▶ _Task requirements_
Would you write out the lines below exactly, from the one containing "This bespoke L-shaped" to the very last, but without the pictures?

▶ _Source data_
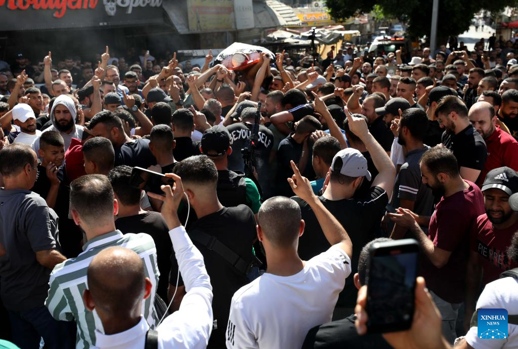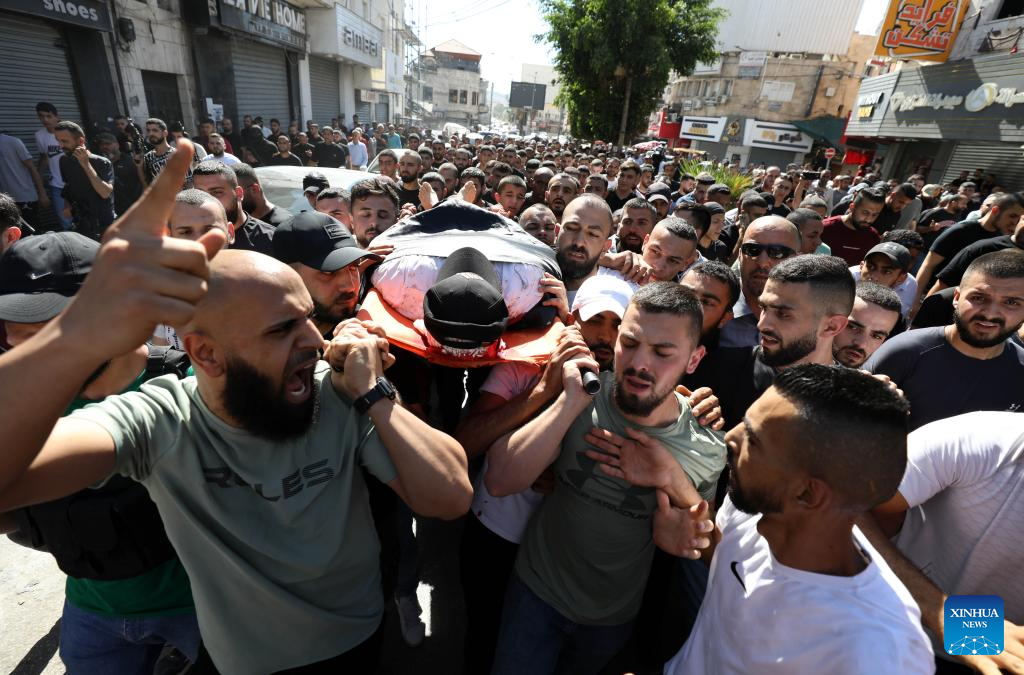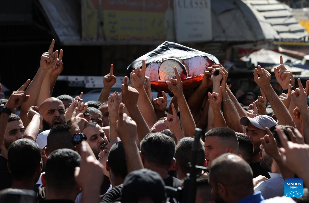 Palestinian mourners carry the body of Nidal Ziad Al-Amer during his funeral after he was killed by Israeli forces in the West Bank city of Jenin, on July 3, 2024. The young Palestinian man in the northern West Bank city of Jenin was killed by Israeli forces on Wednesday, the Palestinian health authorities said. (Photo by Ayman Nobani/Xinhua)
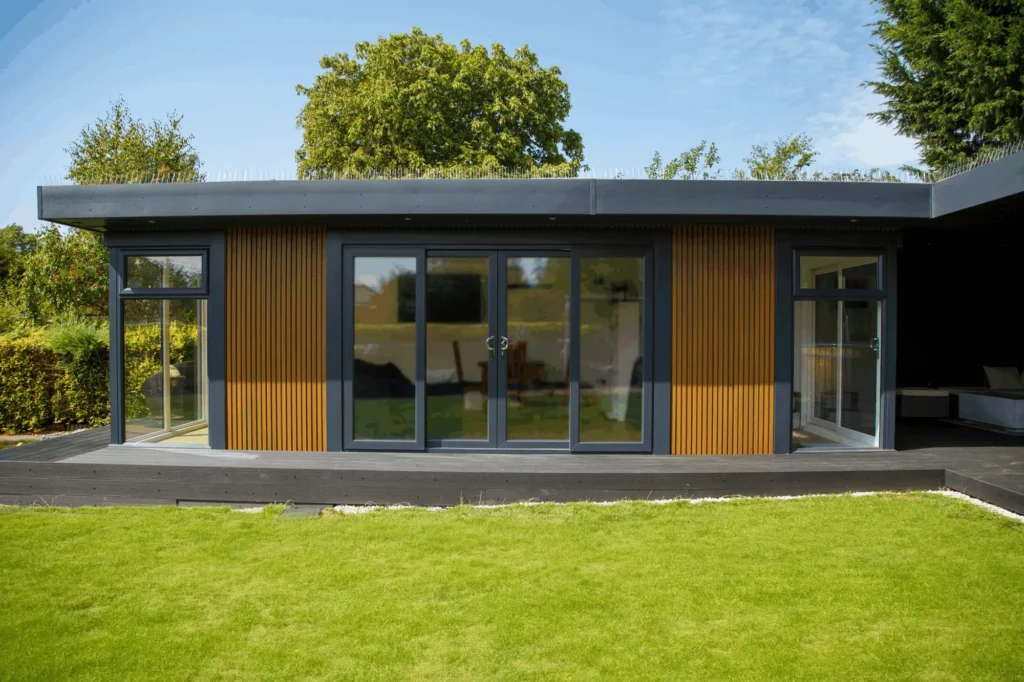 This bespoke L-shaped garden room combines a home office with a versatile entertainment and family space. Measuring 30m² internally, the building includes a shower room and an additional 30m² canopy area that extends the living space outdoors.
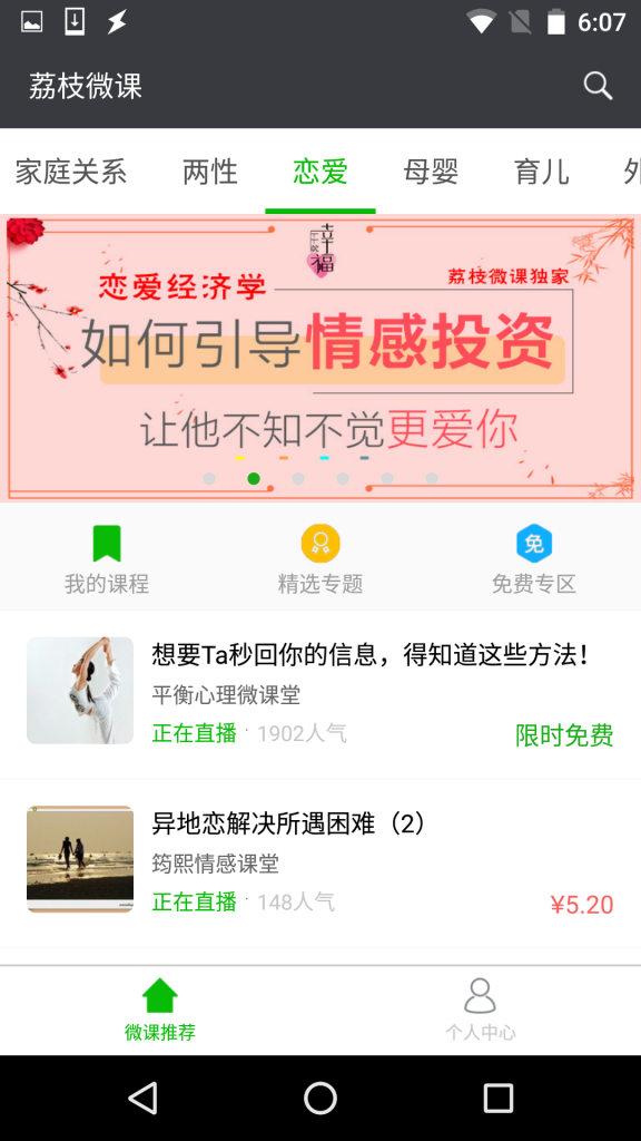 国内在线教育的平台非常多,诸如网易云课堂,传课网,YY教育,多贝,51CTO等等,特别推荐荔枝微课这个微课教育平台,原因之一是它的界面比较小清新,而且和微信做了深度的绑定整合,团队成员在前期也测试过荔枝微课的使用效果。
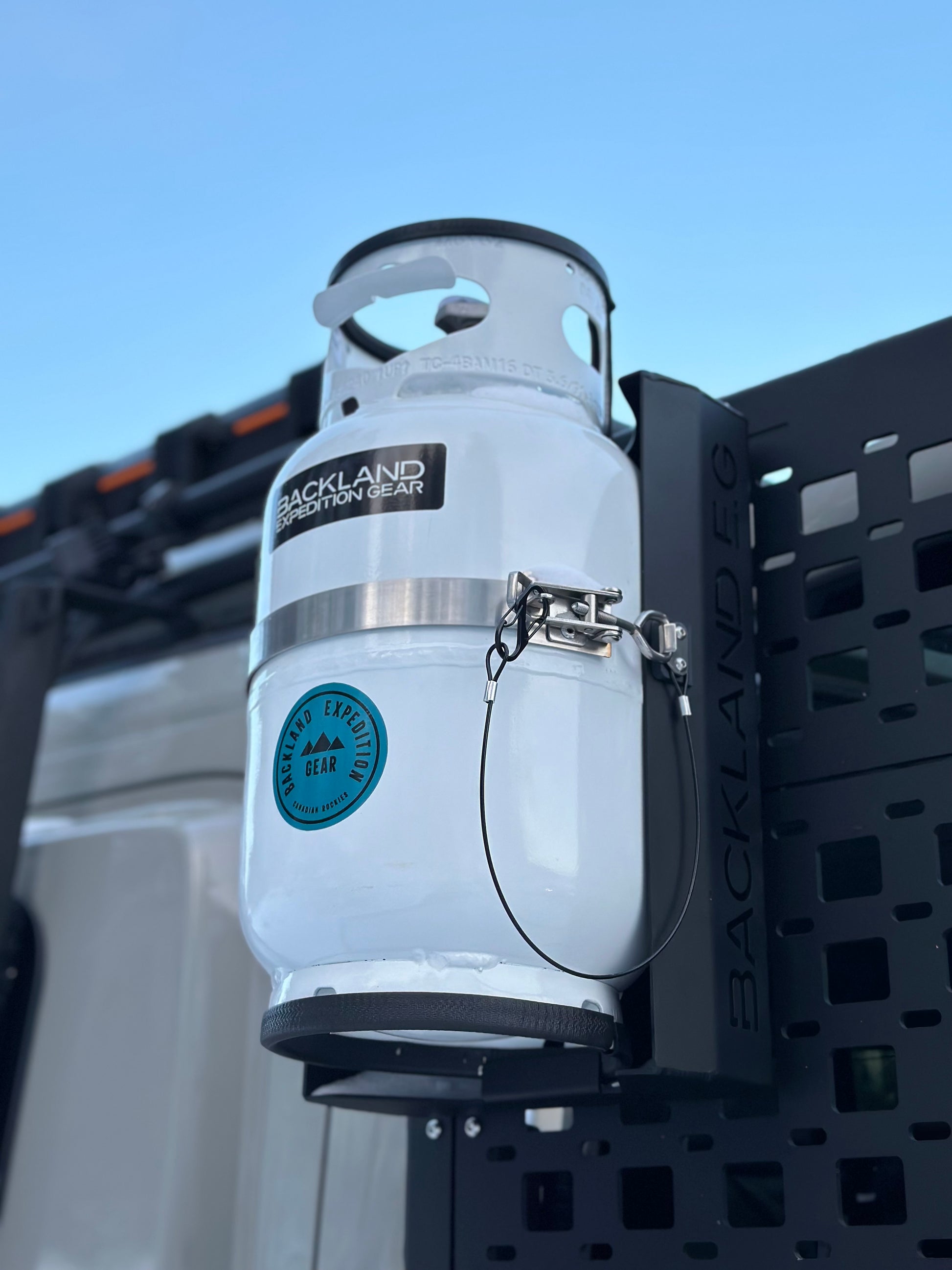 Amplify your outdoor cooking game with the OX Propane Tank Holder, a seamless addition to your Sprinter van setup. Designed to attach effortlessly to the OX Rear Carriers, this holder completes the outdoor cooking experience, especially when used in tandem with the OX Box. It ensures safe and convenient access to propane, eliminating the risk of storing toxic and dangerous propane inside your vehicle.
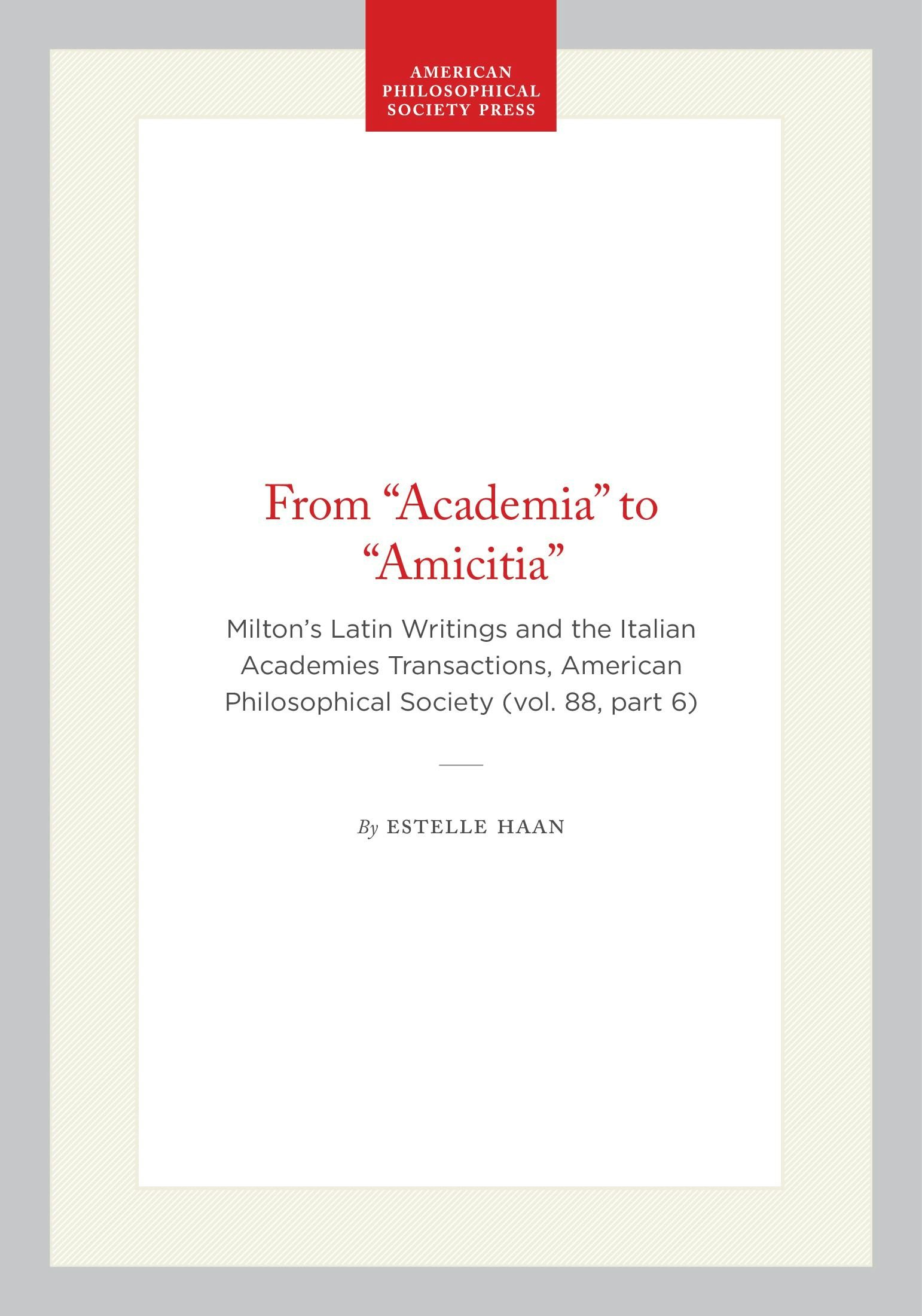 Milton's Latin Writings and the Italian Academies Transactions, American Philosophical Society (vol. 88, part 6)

▶ _Expected output_
 This bespoke L-shaped garden room combines a home office with a versatile entertainment and family space. Measuring 30m² internally, the building includes a shower room and an additional 30m² canopy area that extends the living space outdoors.
 国内在线教育的平台非常多,诸如网易云课堂,传课网,YY教育,多贝,51CTO等等,特别推荐荔枝微课这个微课教育平台,原因之一是它的界面比较小清新,而且和微信做了深度的绑定整合,团队成员在前期也测试过荔枝微课的使用效果。
 Amplify your outdoor cooking game with the OX Propane Tank Holder, a seamless addition to your Sprinter van setup. Designed to attach effortlessly to the OX Rear Carriers, this holder completes the outdoor cooking experience, especially when used in tandem with the OX Box. It ensures safe and convenient access to propane, eliminating the risk of storing toxic and dangerous propane inside your vehicle.
 Milton's Latin Writings and the Italian Academies Transactions, American Philosophical Society (vol. 88, part 6)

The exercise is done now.